Japanese anime icon Hayao Miyazaki’s gorgeous film, “The Boy and the Heron,” was featured in this year’s lineup. The film takes place in post-WWII Japan and tells the story of teenage boy Mahito, who, still grieving his mother’s death, moves to the countryside with his new stepmother. There, he befriends a gray heron who leads him on a quest in an alternate reality where he must save his stepmother and himself. Mayazaki’s latest film is definitely one of his best and is destined to become another classic.
The festival also featured a few remarkable debuts. Sean Price Williams, who has most notably worked as the Safdie brothers’ longtime director of photography, made his first directorial effort with the raucously hilarious “The Sweet East.” In the film, Talia Ryder plays a high school senior who, while on a school trip to Washington, D.C., separates from her classmates and begins to embark on a Great American Road Trip (of sorts), weaving through several subcultures that make up the gritty underbellies of modern life in America.

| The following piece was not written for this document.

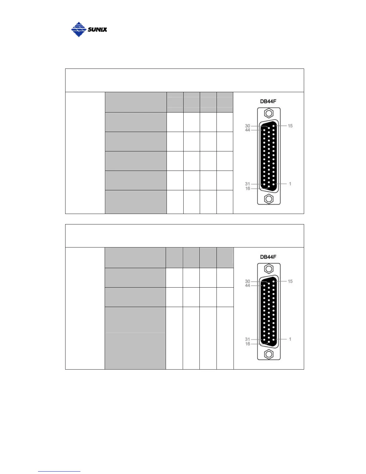 SUNIX DB44 Female 4 ports Serial Communication Boards Pin Assignment

Another phenomenal directorial debut is Raven Jackson’s “All Dirt Roads Taste of Salt.” Like Williams’ “Sweet East,” Jackson traces a young woman’s personal journey, albeit in a much different tone. “All Dirt Roads” delicately follows the life of a young Black woman as she grows up in rural Mississippi. With little dialogue, Jackson creates an impressionistic film that lingers on the details of sounds and imagery to convey its story. “All Dirt Roads Taste of Salt” opens for regular screenings Nov. 3 at Film at Lincoln Center.
Though staggeringly diverse, the films of NYFF were united in their quests towards the eternal questions of what it means to make art from life and how cinema can connect us with the past, understand the present and imagine the future.